**Task description**
Below are some records. Write out exactly their lines from the one with "商家拒绝退货,我嫌麻烦也就没" through the one with "on any surface.", and leave the pictures behind.

**Listed entries**
↓

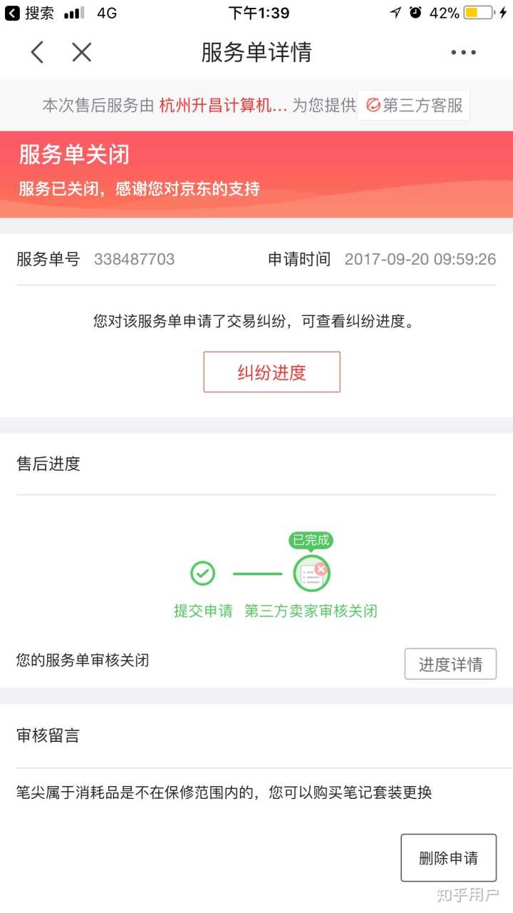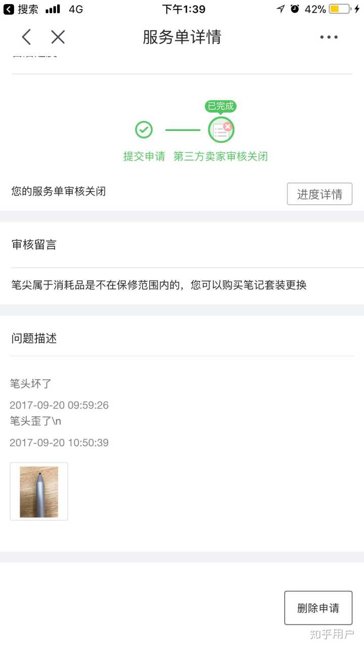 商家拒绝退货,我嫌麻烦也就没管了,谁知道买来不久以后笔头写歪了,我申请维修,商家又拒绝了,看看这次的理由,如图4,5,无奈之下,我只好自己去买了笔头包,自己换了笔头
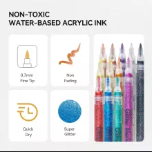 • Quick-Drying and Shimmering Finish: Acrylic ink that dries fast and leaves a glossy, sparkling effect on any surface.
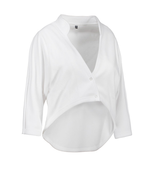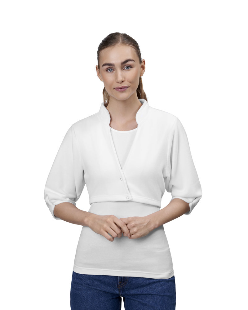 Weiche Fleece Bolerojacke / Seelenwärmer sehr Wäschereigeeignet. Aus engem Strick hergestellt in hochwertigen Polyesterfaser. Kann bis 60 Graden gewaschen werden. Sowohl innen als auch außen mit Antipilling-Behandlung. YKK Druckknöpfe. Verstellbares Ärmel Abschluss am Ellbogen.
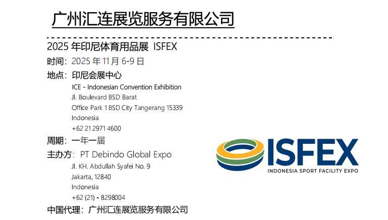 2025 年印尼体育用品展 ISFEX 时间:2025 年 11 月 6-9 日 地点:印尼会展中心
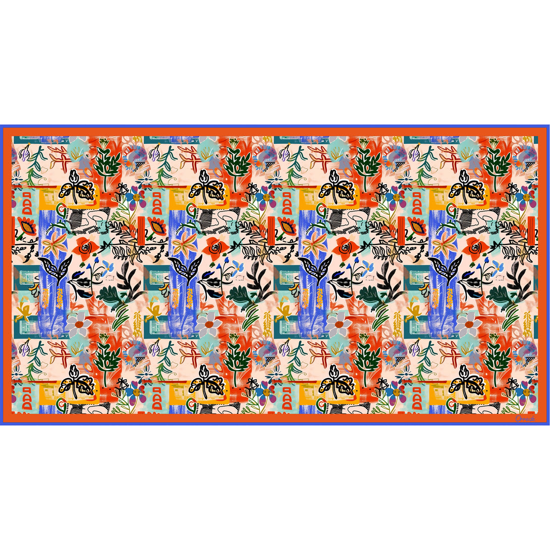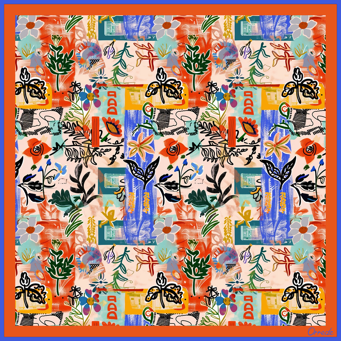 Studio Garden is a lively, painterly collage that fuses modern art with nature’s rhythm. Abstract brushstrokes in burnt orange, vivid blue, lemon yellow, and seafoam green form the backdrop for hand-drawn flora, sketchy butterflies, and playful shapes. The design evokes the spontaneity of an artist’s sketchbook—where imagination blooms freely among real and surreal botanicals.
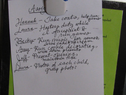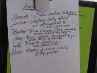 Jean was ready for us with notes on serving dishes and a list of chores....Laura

↑
↓

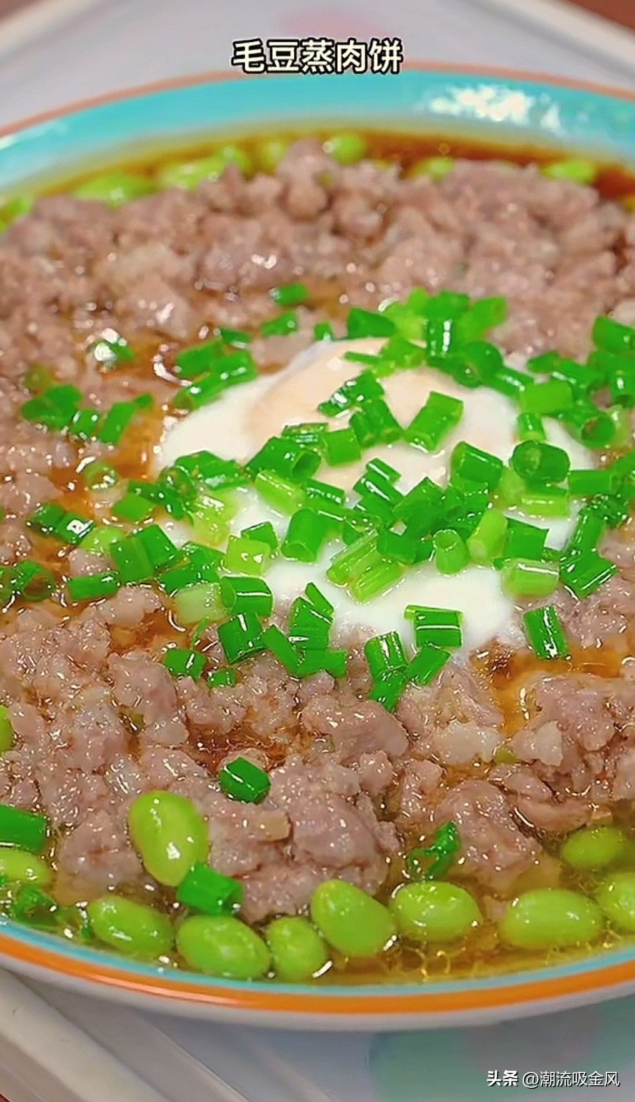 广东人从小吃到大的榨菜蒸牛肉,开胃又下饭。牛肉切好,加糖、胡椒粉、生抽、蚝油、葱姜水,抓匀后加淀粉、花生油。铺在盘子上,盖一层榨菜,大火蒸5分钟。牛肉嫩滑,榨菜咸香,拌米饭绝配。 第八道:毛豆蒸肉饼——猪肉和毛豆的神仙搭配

↑
↓

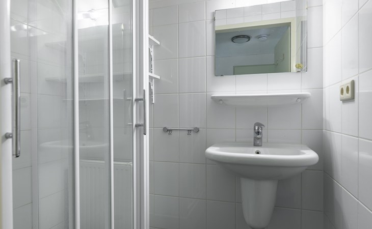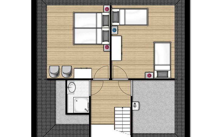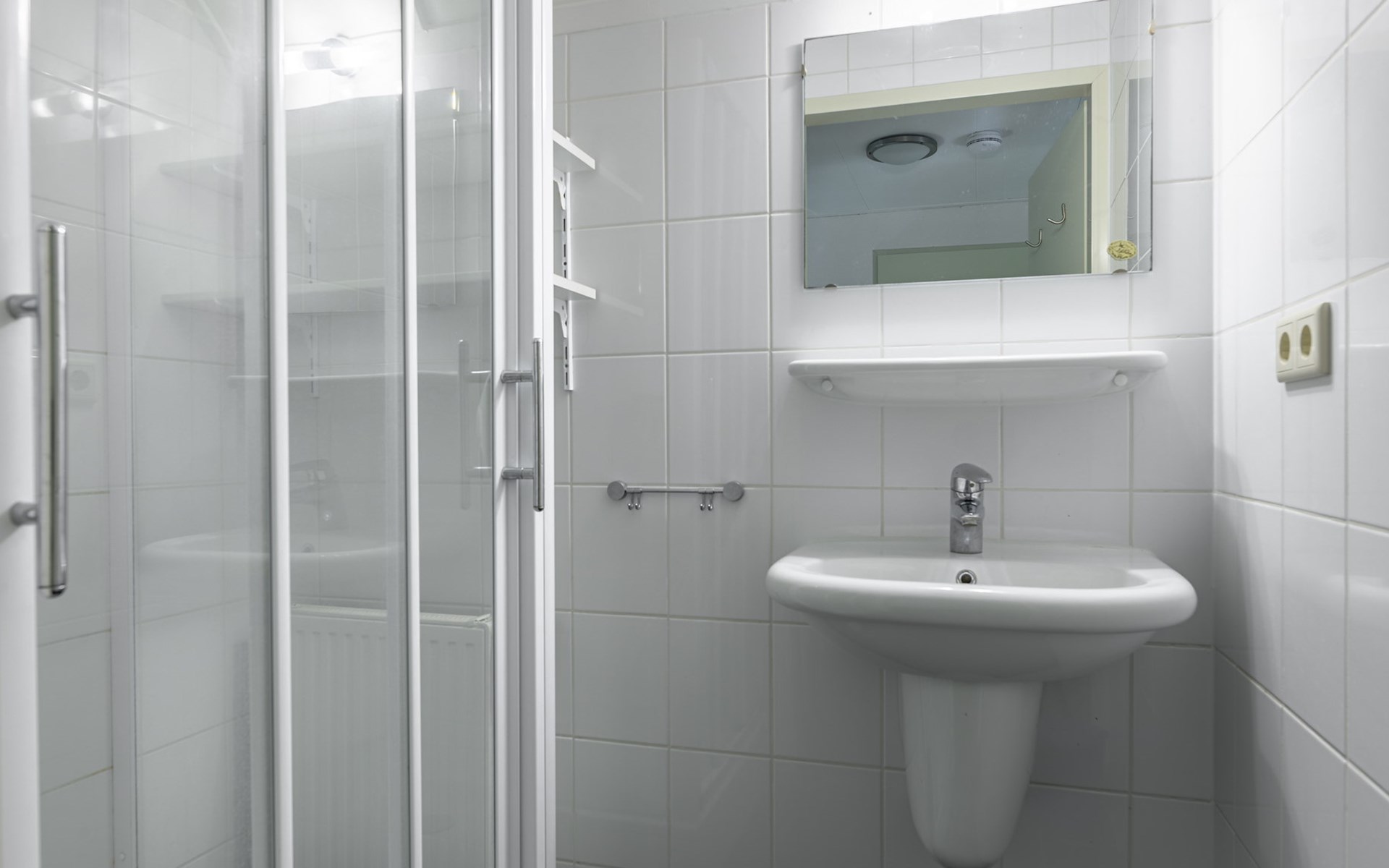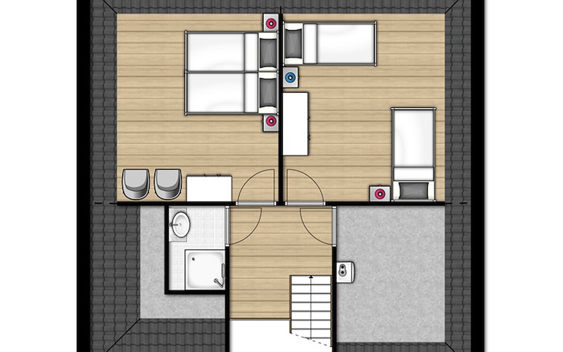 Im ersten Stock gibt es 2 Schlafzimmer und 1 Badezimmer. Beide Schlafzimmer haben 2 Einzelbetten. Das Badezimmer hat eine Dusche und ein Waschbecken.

↑

**Output**
 商家拒绝退货,我嫌麻烦也就没管了,谁知道买来不久以后笔头写歪了,我申请维修,商家又拒绝了,看看这次的理由,如图4,5,无奈之下,我只好自己去买了笔头包,自己换了笔头
 • Quick-Drying and Shimmering Finish: Acrylic ink that dries fast and leaves a glossy, sparkling effect on any surface.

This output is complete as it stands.